*HOW TO COMPLETE THIS TASK*
Only the words of the entries are wanted, repeated exactly and without images.

Dataset entries
· · ·
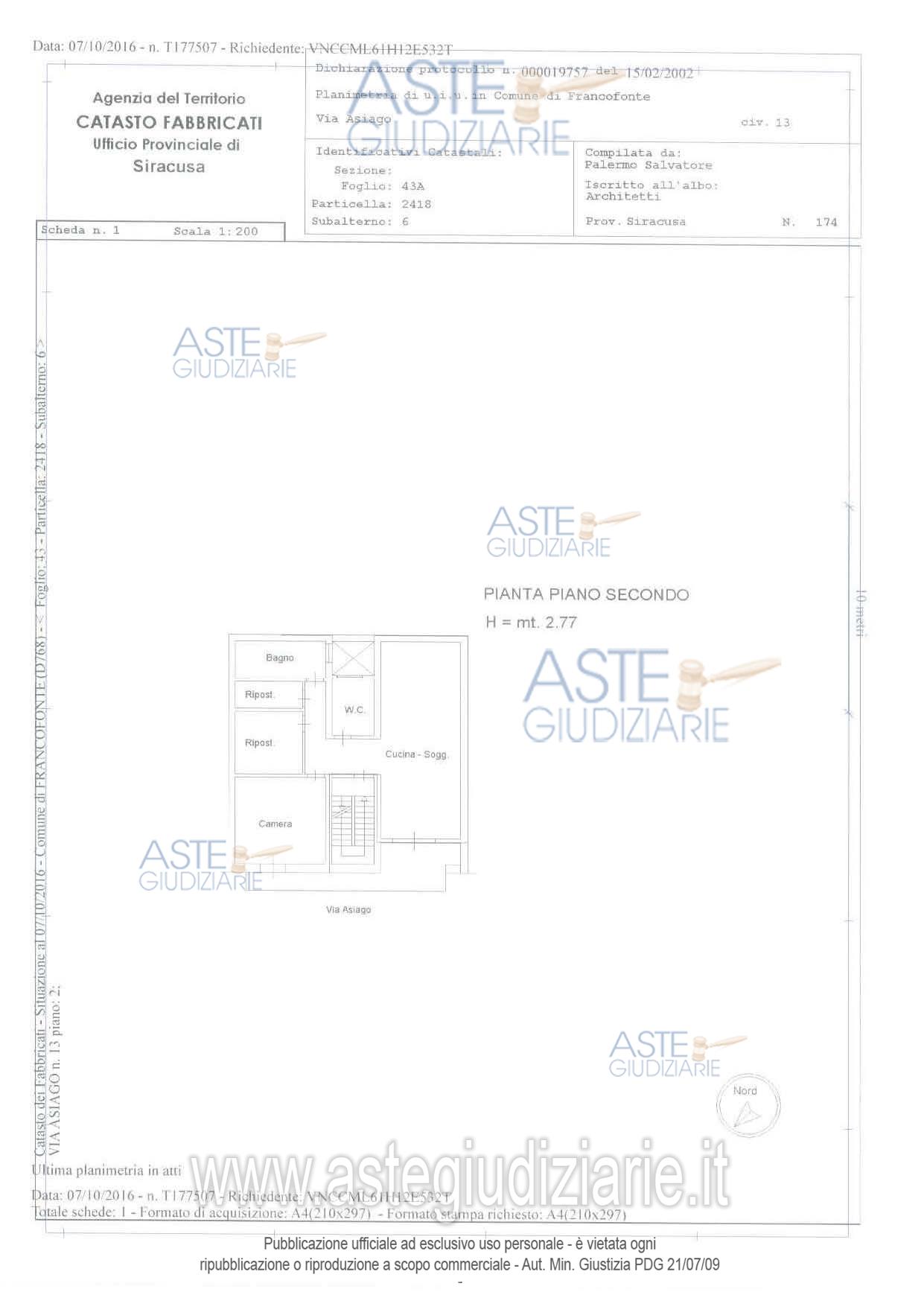 Vendita all'asta Senza incanto, con gara telematica sincrona mista - LOTTO UNICO: Appartamento per civile composto da tre vani ed accessori, ubicato al secondo piano, confinante con detta via Asiago, con altre Ditte, salvo altri, distinto al NCEU del Comune di Francofonte al Fg. 43, p.lla 2418, subalterno 6, Via Asiago n. 13, piano 2°, cat. A/3, classe 3, vani 4, rendita €. 330,53” Classe Energetica “F”. Prezzo base € 22.718,48 (offerta minima € 17.038,86). Data vendita 09/10/2025 ore 12:00. Giudice Dott. Concita Cultrera. Professionista delegato alla vendita Avv. Sergio Spinoso - Email "info@studiolegalespinoso.it"; Cell. 3715716444; Tel. 0931754382. Custode Giudiziario Avv. Sergio Spinoso - Email "info@studiolegalespinoso.it"; Cell. 3715716444; Tel. 0931754382. Rif. Tribunale di Siracusa - Esecuzione immobiliare post legge 80 n. 177/2016
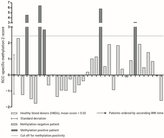 RCC-specific methylation score for healthy blood donors (HBDs) and patients. For HBDs, the mean and standard deviation is indicated. The cut-off for methylation positivity, represented by the upper limit of the 95% confidence interval of the methylation score in HBDs, is indicated by a dotted line. The patients are ordered by WW time.
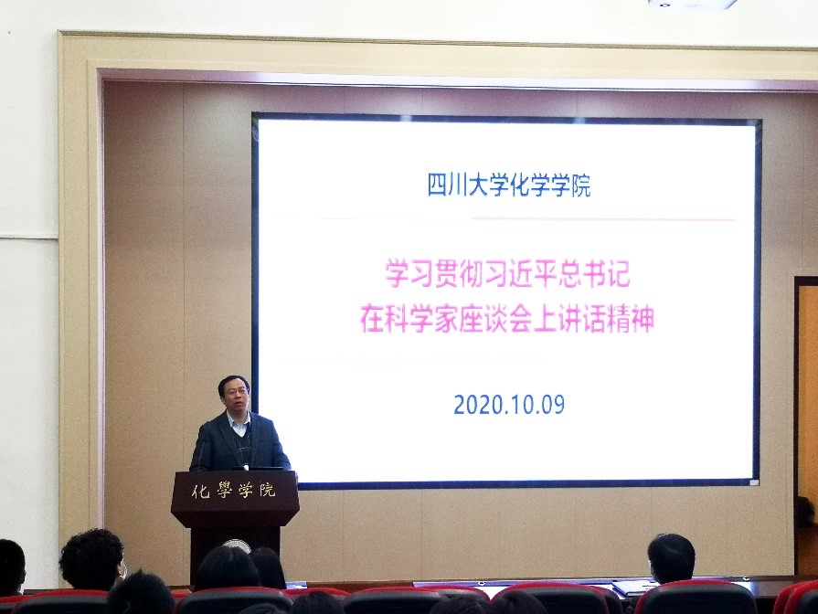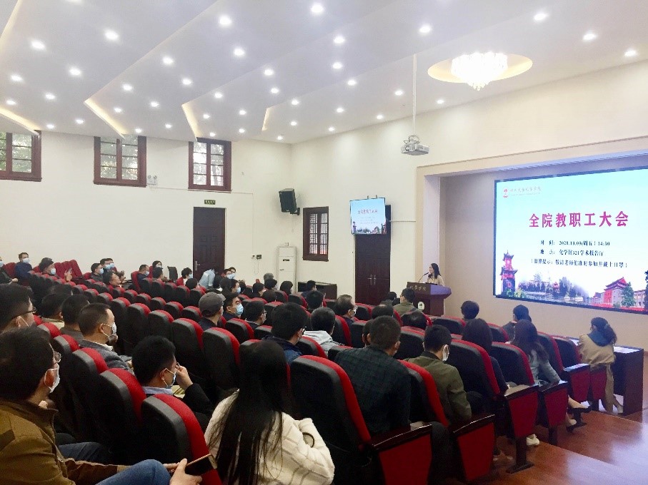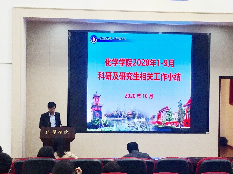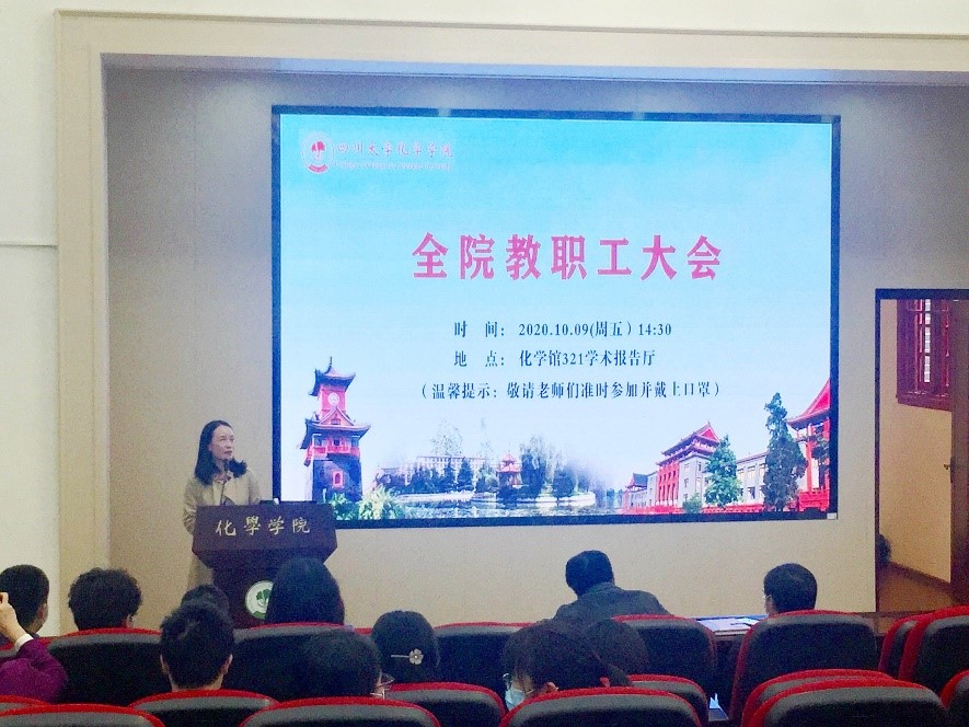 2020年10月9日下午,在化学馆321报告厅召开了化学学院全院教职工大会,总结上半年学院工作,对本学期的教学、科研、管理等相关工作进行了研讨。会议由学院党委书记谢均主持。
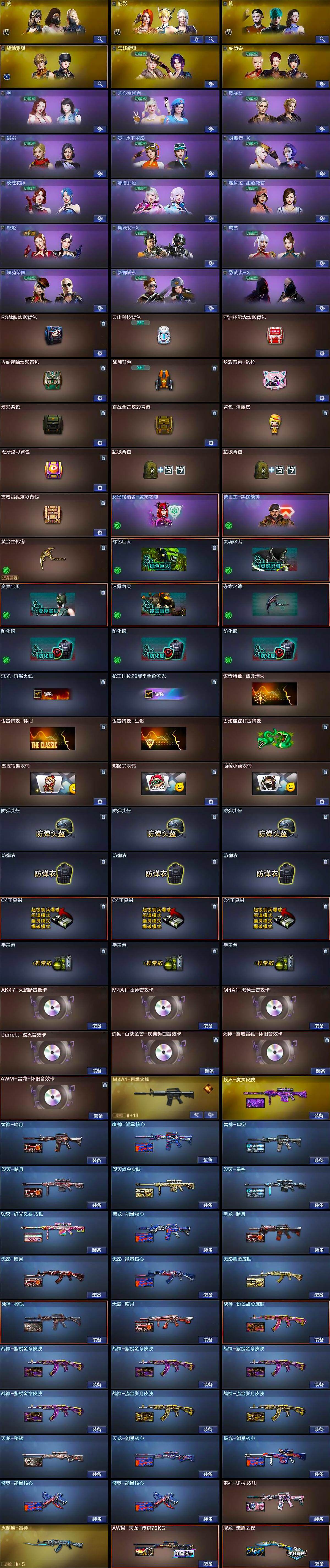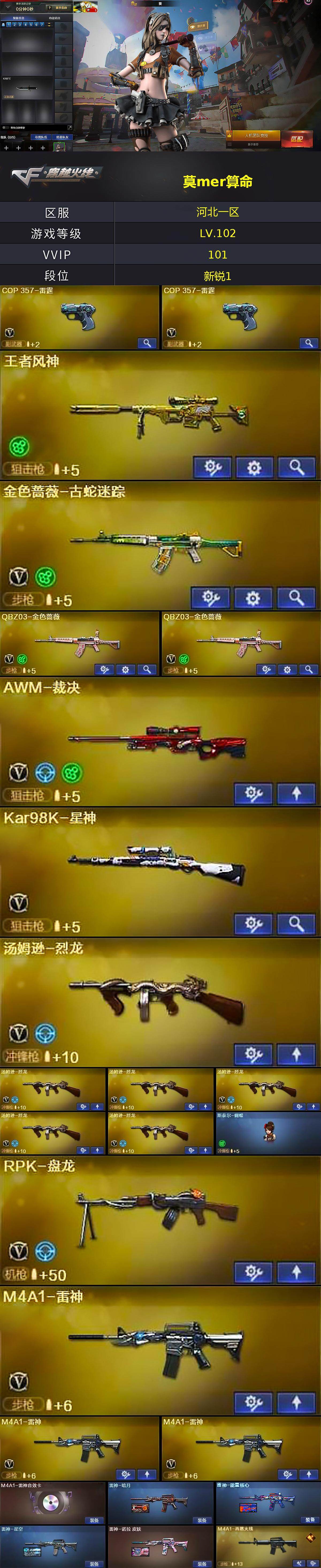 河北一区-99v-3王者武器数-0炫金武器数 【热门武器】:q03-金色蔷薇2,金色蔷薇-古蛇迷踪,修罗-古蛇迷踪,死亡之眼4,kar98k-星神,金色小号,c.a.t,牛牛-ak47,汤姆逊-烈龙6,rpk-盘龙,加特林-炼狱3,斯泰尔-蝴蝶,沙鹰-修罗6 【王者炫金武器】:王者风神 【音效卡】:ak47-火麒麟音效卡,m4a1-雷神音效卡,m4a1-黑骑士音效卡,barret
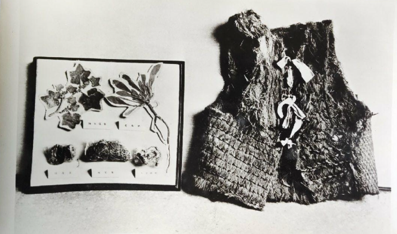左圖為紅軍長征過草地時吃過的野菜標本,右圖為長征時期紅軍戰士自制的棕衣褂子
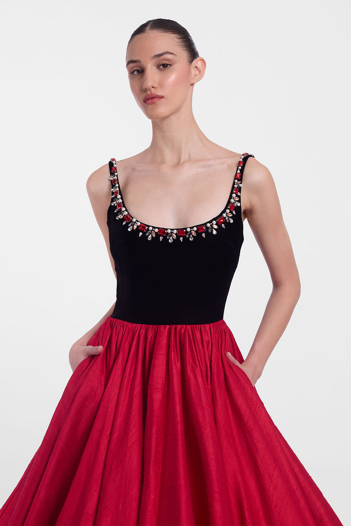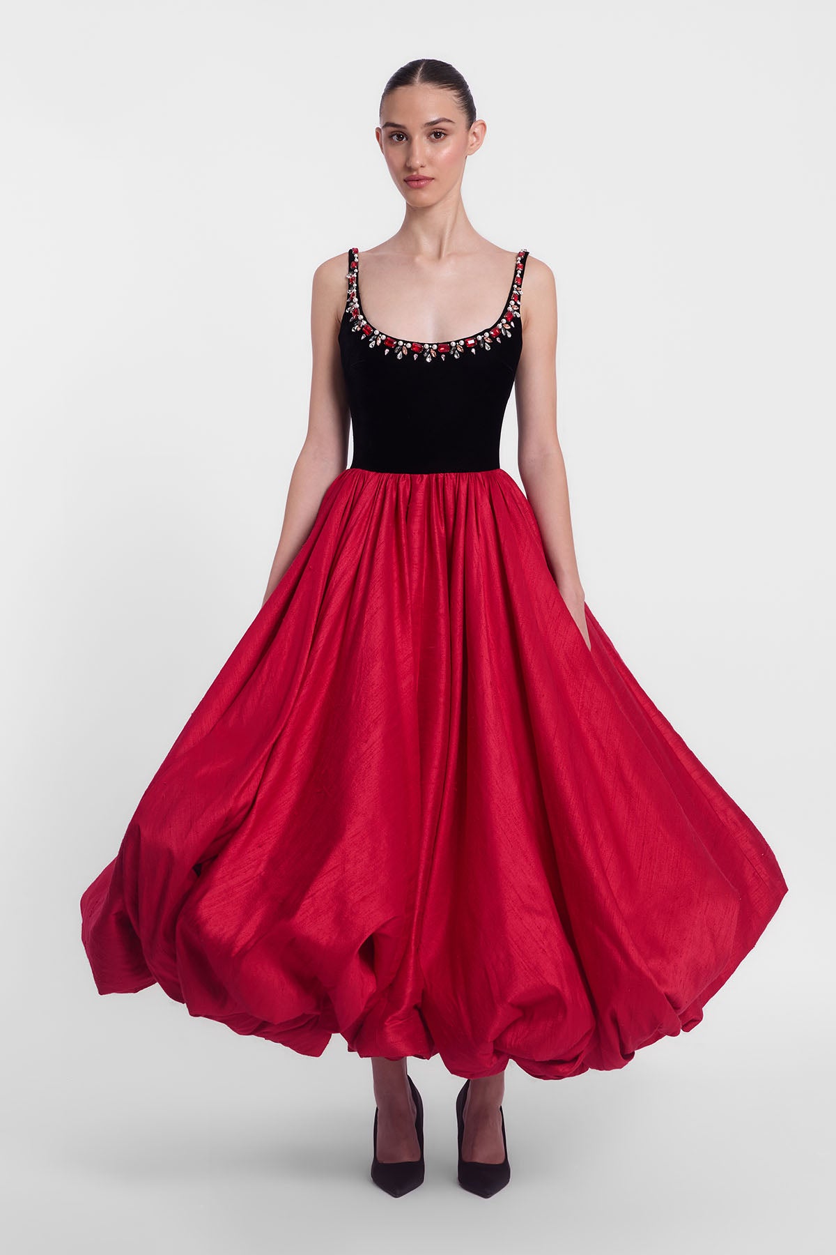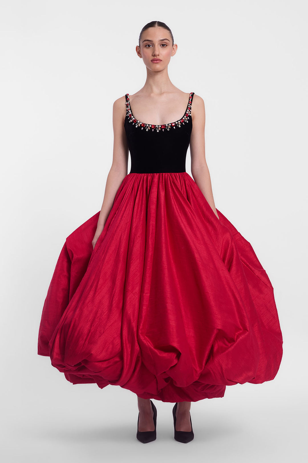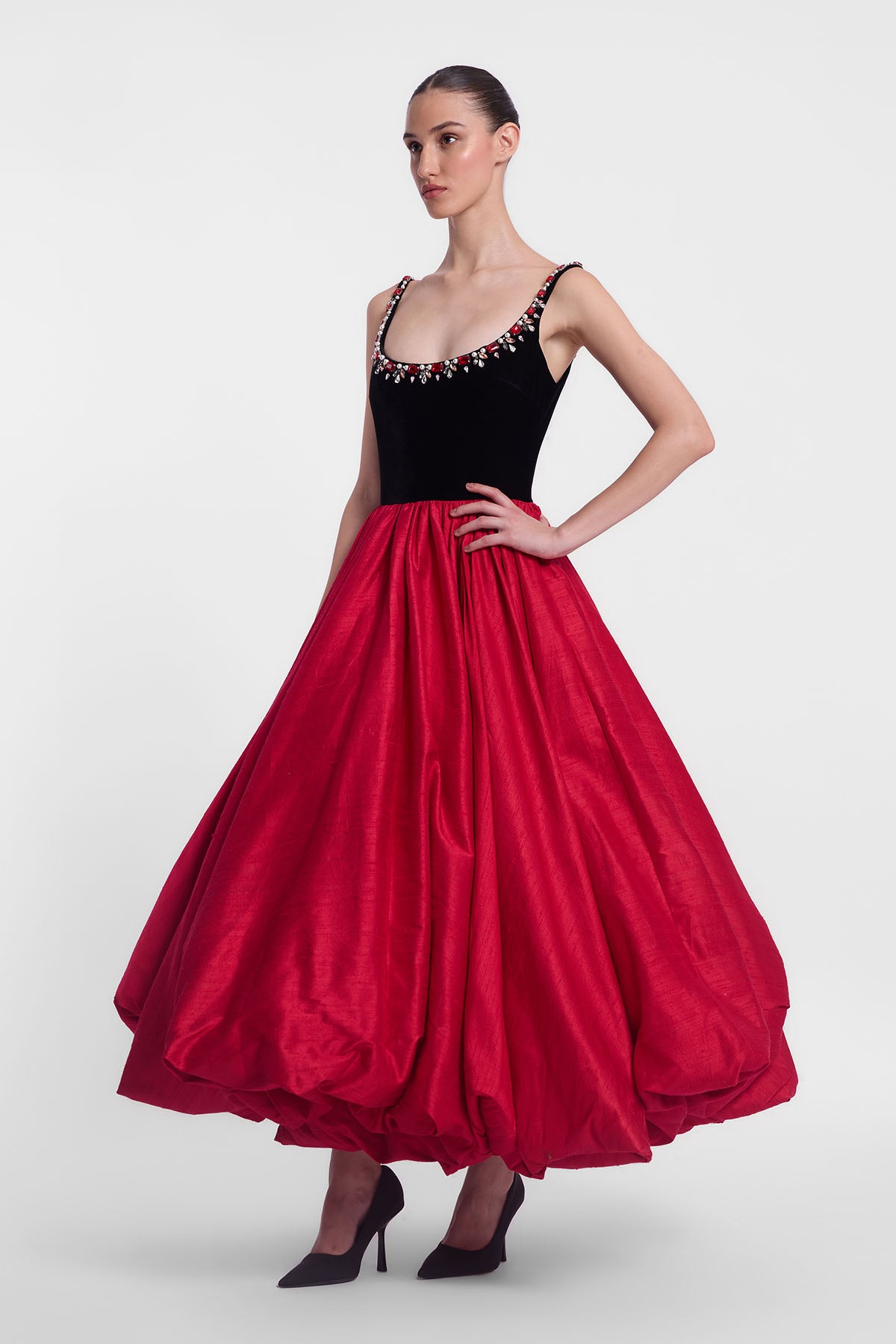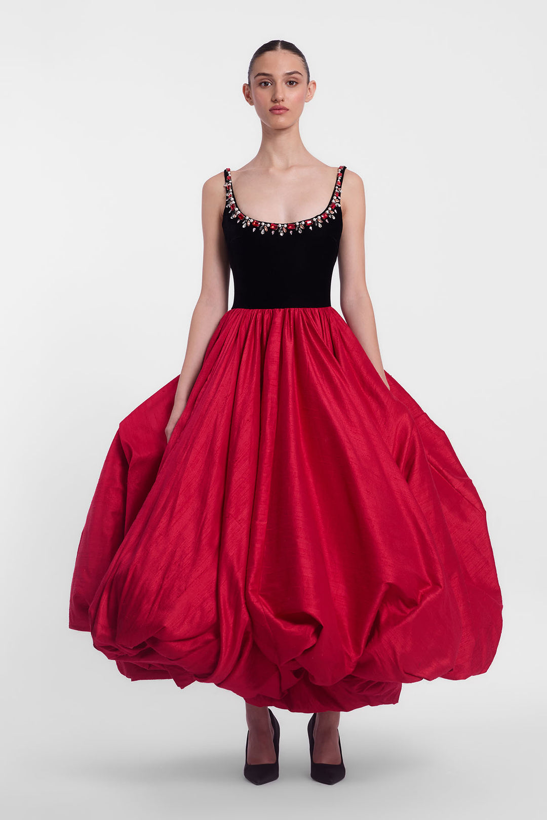 Velvet and Raw Silk Midi with Balloon Hem Accentuated with Crystal Embroidery
· · ·
*TASK RESPONSE*
 Vendita all'asta Senza incanto, con gara telematica sincrona mista - LOTTO UNICO: Appartamento per civile composto da tre vani ed accessori, ubicato al secondo piano, confinante con detta via Asiago, con altre Ditte, salvo altri, distinto al NCEU del Comune di Francofonte al Fg. 43, p.lla 2418, subalterno 6, Via Asiago n. 13, piano 2°, cat. A/3, classe 3, vani 4, rendita €. 330,53” Classe Energetica “F”. Prezzo base € 22.718,48 (offerta minima € 17.038,86). Data vendita 09/10/2025 ore 12:00. Giudice Dott. Concita Cultrera. Professionista delegato alla vendita Avv. Sergio Spinoso - Email "info@studiolegalespinoso.it"; Cell. 3715716444; Tel. 0931754382. Custode Giudiziario Avv. Sergio Spinoso - Email "info@studiolegalespinoso.it"; Cell. 3715716444; Tel. 0931754382. Rif. Tribunale di Siracusa - Esecuzione immobiliare post legge 80 n. 177/2016
 RCC-specific methylation score for healthy blood donors (HBDs) and patients. For HBDs, the mean and standard deviation is indicated. The cut-off for methylation positivity, represented by the upper limit of the 95% confidence interval of the methylation score in HBDs, is indicated by a dotted line. The patients are ordered by WW time.
 2020年10月9日下午,在化学馆321报告厅召开了化学学院全院教职工大会,总结上半年学院工作,对本学期的教学、科研、管理等相关工作进行了研讨。会议由学院党委书记谢均主持。
 河北一区-99v-3王者武器数-0炫金武器数 【热门武器】:q03-金色蔷薇2,金色蔷薇-古蛇迷踪,修罗-古蛇迷踪,死亡之眼4,kar98k-星神,金色小号,c.a.t,牛牛-ak47,汤姆逊-烈龙6,rpk-盘龙,加特林-炼狱3,斯泰尔-蝴蝶,沙鹰-修罗6 【王者炫金武器】:王者风神 【音效卡】:ak47-火麒麟音效卡,m4a1-雷神音效卡,m4a1-黑骑士音效卡,barret
左圖為紅軍長征過草地時吃過的野菜標本,右圖為長征時期紅軍戰士自制的棕衣褂子
 Velvet and Raw Silk Midi with Balloon Hem Accentuated with Crystal Embroidery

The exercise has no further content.